Nada desnuda más nuestra idiosincrasia que un avión, ese pájaro de metal que, si pudiera contar las historias que subyacen en su vientre, podría sonrojar a cualquier extranjero. Antes del abordaje, se percibe esa maleta repleta de alimentos criollos que, aunque se vendan allá, saben mejor si se llevan de aquí, retando las prohibiciones migratorias. El salami, casabe, sazones, dulces, queso de hoja, cerveza, cilantro, refresco rojo y hasta el locrio del día anterior, no pueden faltar, so pena del desprecio del que lo espera; a la par, una nutrida delegación va a despedir al viajero porque ir al aeropuerto es un acontecimiento, además de un buen pretexto para unas lagrimitas de despedida.
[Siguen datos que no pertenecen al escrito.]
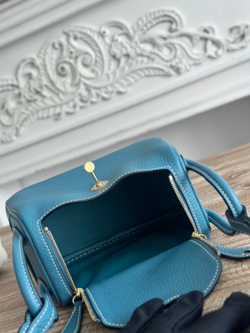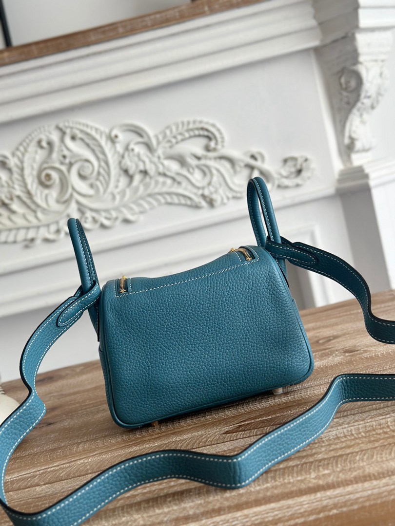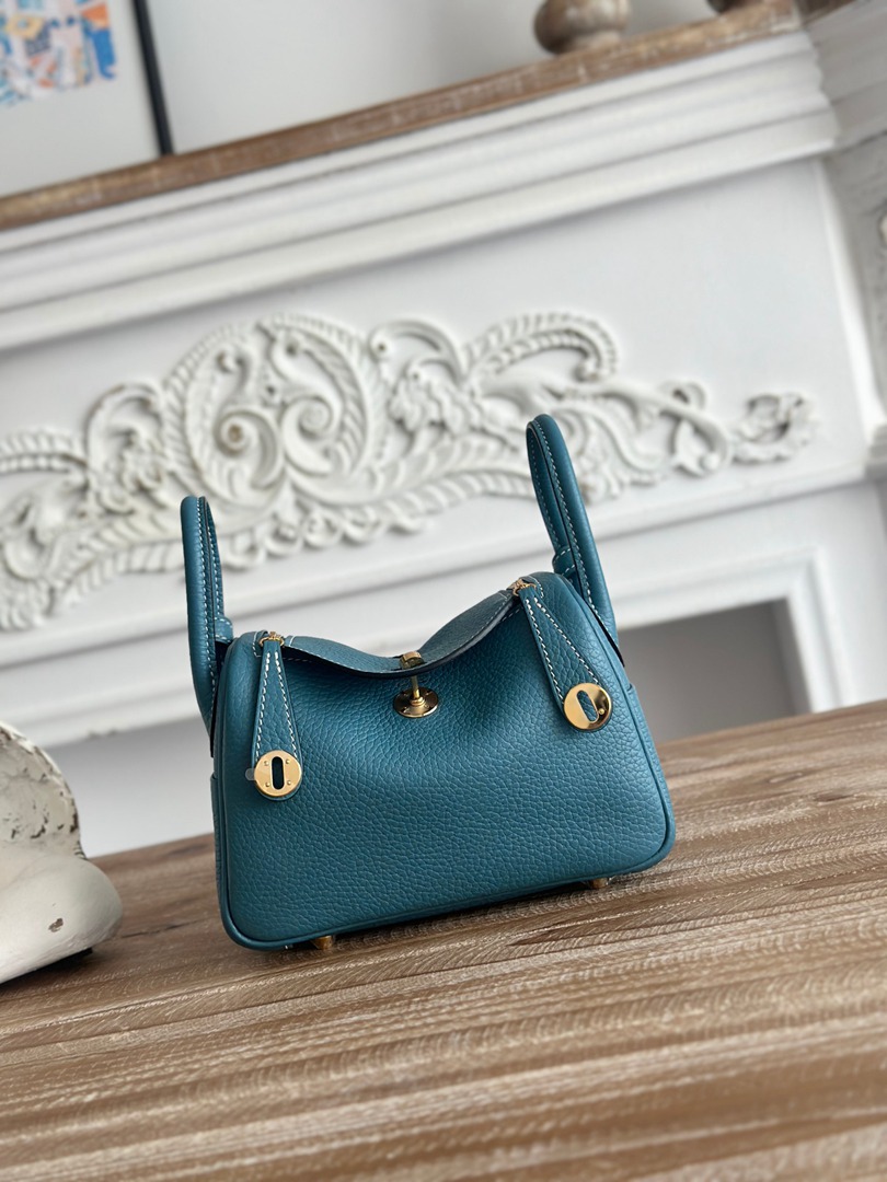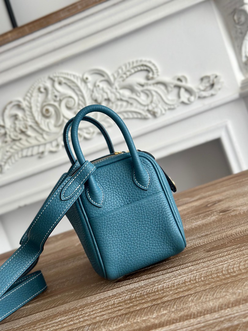 Hermes Mini Lindy Taurillon Clemence 19 Bleu Jean
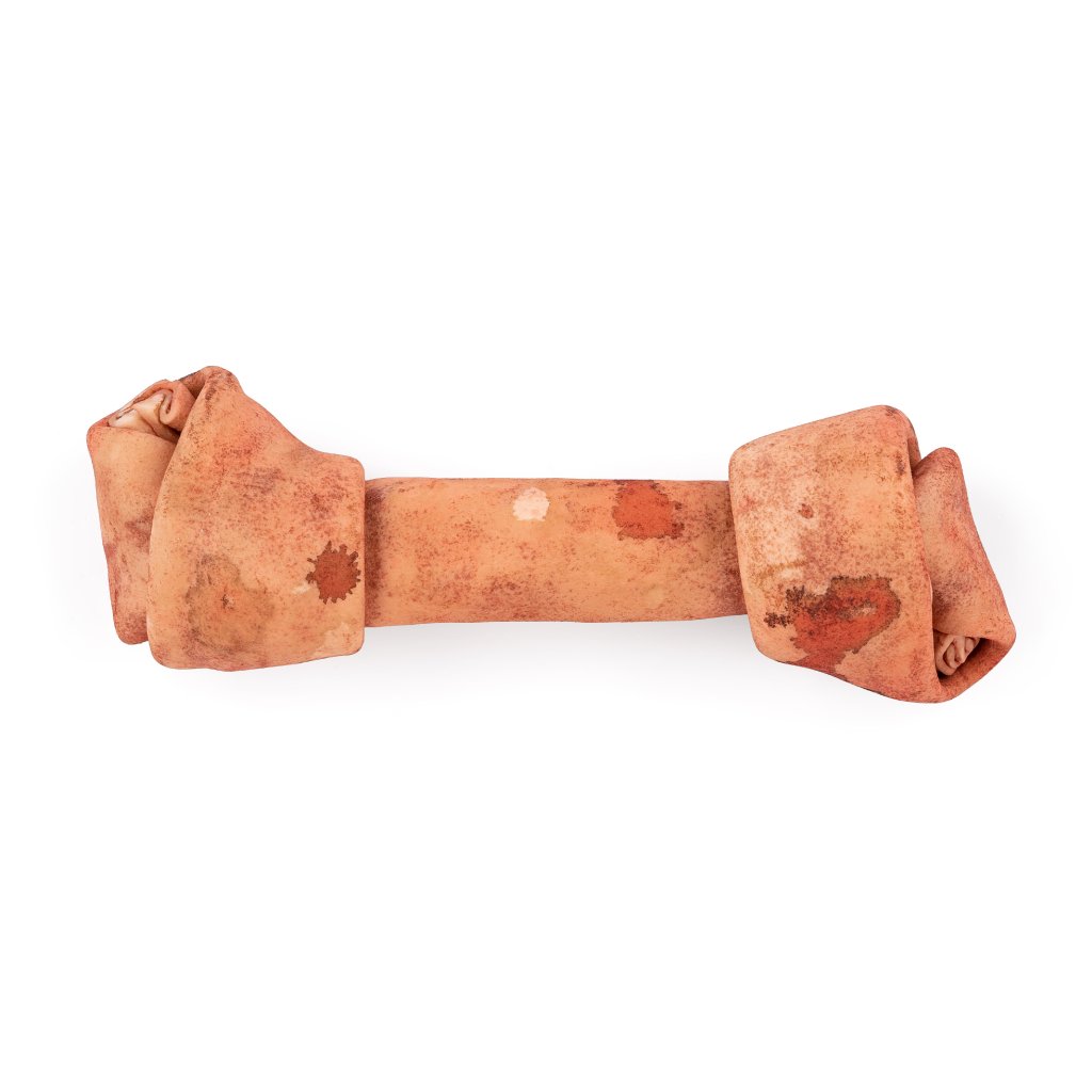 Doplňkové krmivo pro psy. Uzel z hovězí kůže, s příchutí pečené jehněčí.
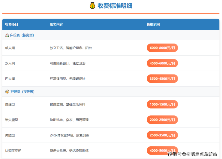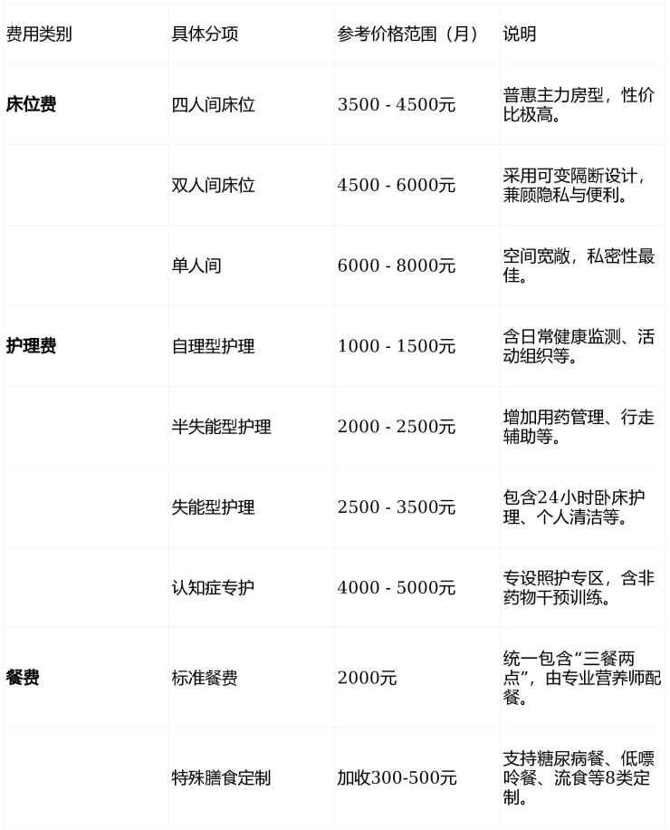 其收费采用“基础床位费 + 分级护理费 + 餐费”的模块化计费模式,具体可细分如下:
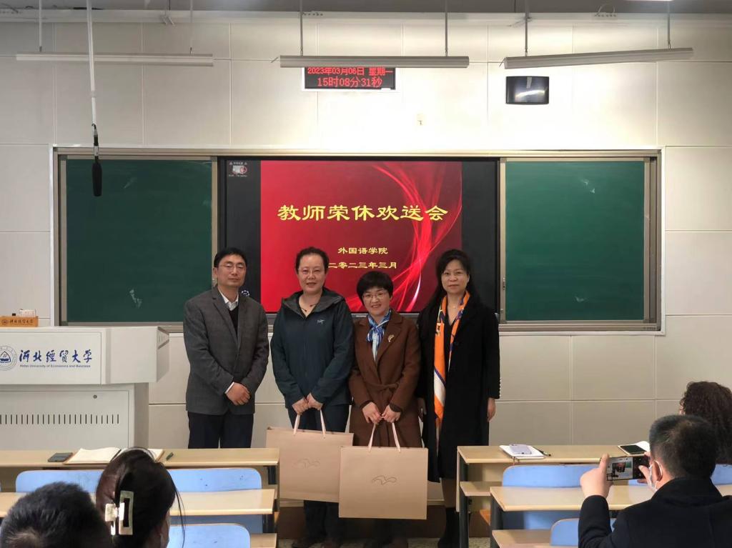 商务英语系主任柳叶青和员工代表分别从不同方面介绍三位教师潜心从教的生动事迹,表达了感恩、感激之情。

Desde que aborda, parece que los nervios activan el apetito del dominicano porque decide ingerir en pleno vuelo un pollo frito con tostones, chicharrón y un traguito para que el susto no lo agarre con el estómago vacío porque ya no brindan nada. Como es muy espléndido, le ofrece a todo el vivo (que ya sabe su vida completa) aunque le quede lejos de su asiento.
Dormir en el trayecto no es una opción, conversar sin parar, sí, (previamente, se ha montado en una silla de ruedas que no necesita para evitar filas). Visita el baño un montón de veces, molestando al de al lado al que cada vez le pone el fundillo en plena cara. No puede dejar tranquilas a las azafatas para que lo ayuden a ponerse el cinturón o a llenar un formulario, al tiempo que sus hijos pequeños desesperan al ocupante delantero con sus patadas (“¿qué quieren que haga, si al muchacho se le tapan los oídos?”).
Luego del aplauso de rigor -que es más de alivio que de júbilo- se para estrepitosamente a recoger su equipaje antes que las luces se prendan, aunque esté en el último asiento y no pueda salir, en su afán por escapar del confinamiento. Mientras, su mujer elige ese momento para desatarse el pelo, pintarse la boca y perfumarse.
No tiene los papeles en orden (que están al fondo de un voluminoso bulto con todo, menos lo necesario), provocando la impaciencia del oficial y de los de atrás. Desde que pisa suelo americano, se transforma en un manso corderito, al contrario de cuando llega aquí que se desacata con una música estridente, después de un abrazo de bienvenida con saltitos incluidos.
Por este tipo de episodios vergonzosos y ese comportamiento peculiar somos famosos en el mundo, aunque muchos preferíamos serlo por Punta Cana, Oscar de la Renta o Juan Luis Guerra.